The budget allocation mindset also carried over directly. In AIMO3 I distributed wall-clock time across problems. Here I distributed bit budget across components, int6 where sensitivity is low, int8 where it's high, full attention only in the last 4 layers. It's the same greedy allocation logic, just the resource is bits instead of seconds.
The $500 and what it actually is
OpenAI awards prizes and compute credits to submissions that meaningfully advance the leaderboard or demonstrate novel technique combinations.

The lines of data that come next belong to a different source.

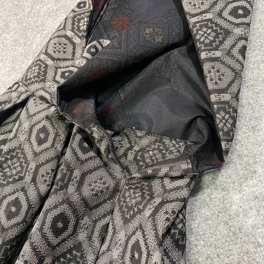 大島紬 ジャンパースカート ボックスプリーツ 膝丈 幾何学文様 白×黒 石畳 S
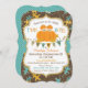 Aqua, or, et chêne brun feuille imprimé arrière - plan avec bordure en parties scintillant or et en vichy chèque bleu aqua avec banderole à banderoles et petit citrouille jumeaux garçons automne baby shower modèle de carte d'invitation.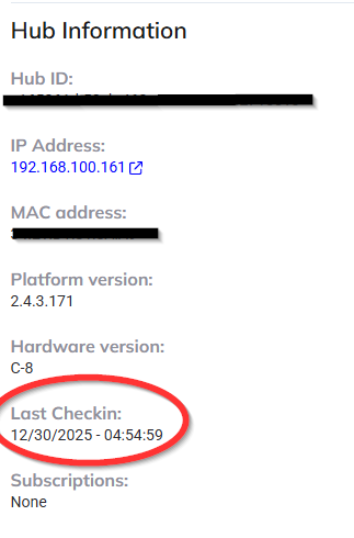 - You could connect to my.hubitat,com to verify that your hub is on-line (Recent Last Checkin time), and what address it is using.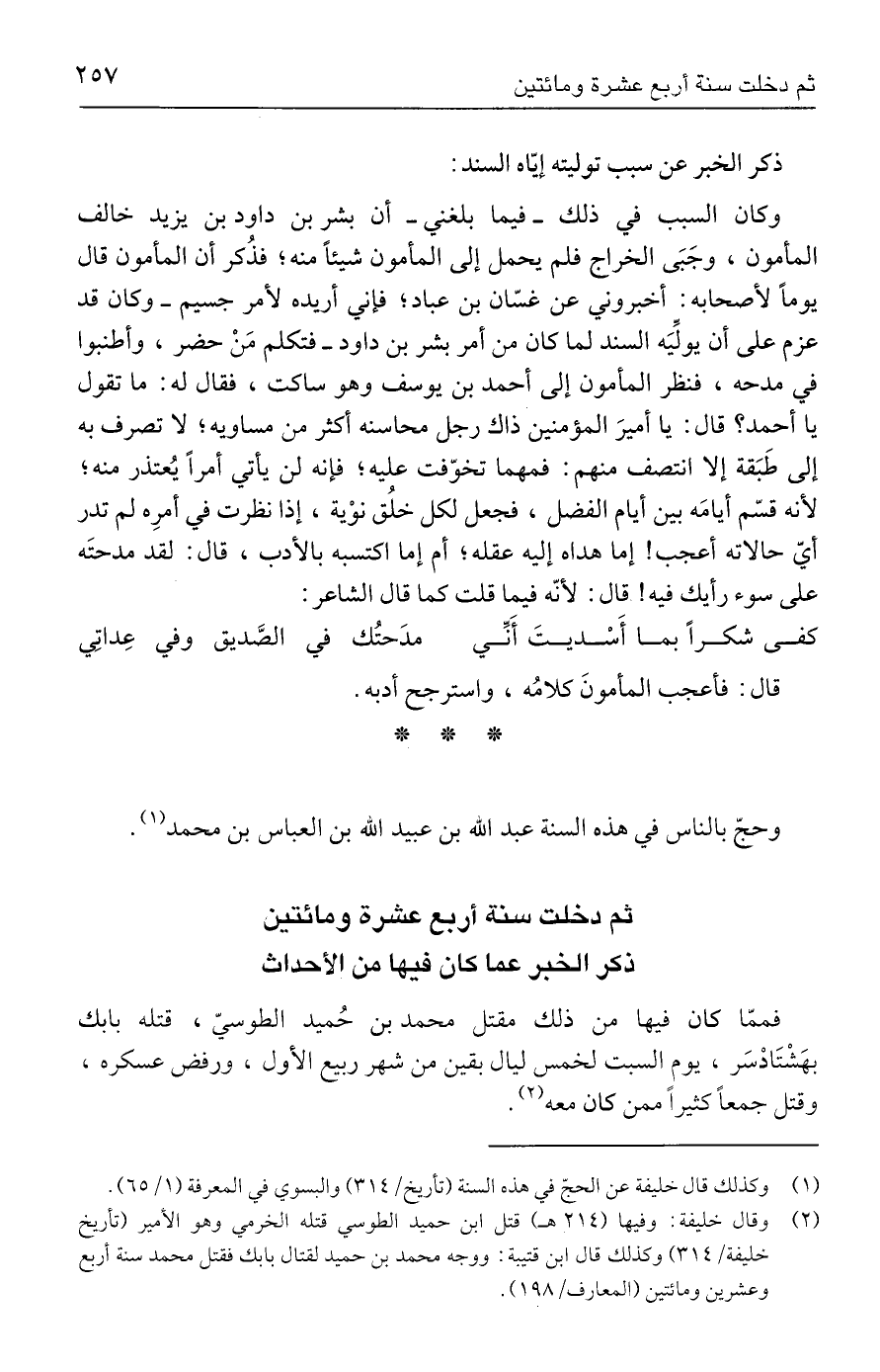 (٢) وقال خليفة: وفيها (٢١٤ هـ) قتل ابن حميد الطوسي قتله الخرمي وهو الأمير (تأريخ خليفة/ ٣١٤) وكذلك قال ابن قتيبة: ووجه محمد بن حميد لقتال بابك فقتل محمد سنة أربع وعشرين ومائتين (المعارف/ ١٩٨).

PR #531, XSA4_EMA_GPQ, dated March 22, 2026. The competition is explicitly designed as a talent-scouting pipeline: top performers are considered for junior researcher roles in June 2026, including students and olympiad competitors.

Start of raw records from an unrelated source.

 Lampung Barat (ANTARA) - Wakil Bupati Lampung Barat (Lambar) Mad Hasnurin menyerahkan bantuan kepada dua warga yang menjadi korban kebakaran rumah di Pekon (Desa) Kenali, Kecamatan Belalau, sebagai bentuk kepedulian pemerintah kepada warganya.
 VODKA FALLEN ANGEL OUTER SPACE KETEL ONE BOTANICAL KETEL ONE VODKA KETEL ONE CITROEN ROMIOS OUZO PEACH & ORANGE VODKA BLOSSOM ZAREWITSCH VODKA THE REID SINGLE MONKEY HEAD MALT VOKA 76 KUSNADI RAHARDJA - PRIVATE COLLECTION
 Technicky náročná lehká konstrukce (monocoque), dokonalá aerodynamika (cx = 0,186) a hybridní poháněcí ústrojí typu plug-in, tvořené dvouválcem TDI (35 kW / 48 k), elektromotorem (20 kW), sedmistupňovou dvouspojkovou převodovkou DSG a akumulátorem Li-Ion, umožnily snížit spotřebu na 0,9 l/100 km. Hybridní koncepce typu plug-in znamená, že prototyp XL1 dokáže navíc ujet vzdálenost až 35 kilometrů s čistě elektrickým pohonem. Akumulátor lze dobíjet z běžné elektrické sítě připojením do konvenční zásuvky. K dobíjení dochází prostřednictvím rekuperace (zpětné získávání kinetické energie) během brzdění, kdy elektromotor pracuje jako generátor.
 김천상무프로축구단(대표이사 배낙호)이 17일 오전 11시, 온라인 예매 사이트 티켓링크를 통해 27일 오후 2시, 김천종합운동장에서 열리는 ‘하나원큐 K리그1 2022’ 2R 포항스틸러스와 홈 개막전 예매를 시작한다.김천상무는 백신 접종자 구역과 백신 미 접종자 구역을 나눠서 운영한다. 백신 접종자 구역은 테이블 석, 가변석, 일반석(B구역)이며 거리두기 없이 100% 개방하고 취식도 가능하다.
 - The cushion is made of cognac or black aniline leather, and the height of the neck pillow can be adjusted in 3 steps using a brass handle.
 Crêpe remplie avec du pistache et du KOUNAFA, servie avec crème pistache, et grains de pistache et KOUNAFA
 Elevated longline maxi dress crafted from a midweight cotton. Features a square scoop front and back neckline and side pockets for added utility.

The $500 is less interesting than the fact that the submission is fully open source on the OpenAI repository, code, weights, and training config. The combination of XSA4 + EMA + GPTQ was immediately available for anyone to fork and extend. That's the real point of doing it publicly. The techniques that improve BPB in a 16MB toy competition are the exact same techniques that make models run on phones, edge hardware, and constrained inference budgets. Parameter Golf is a talent hunt dressed up as a compression challenge, and it turns out competing seriously in toy problems is one of the faster ways to learn real things.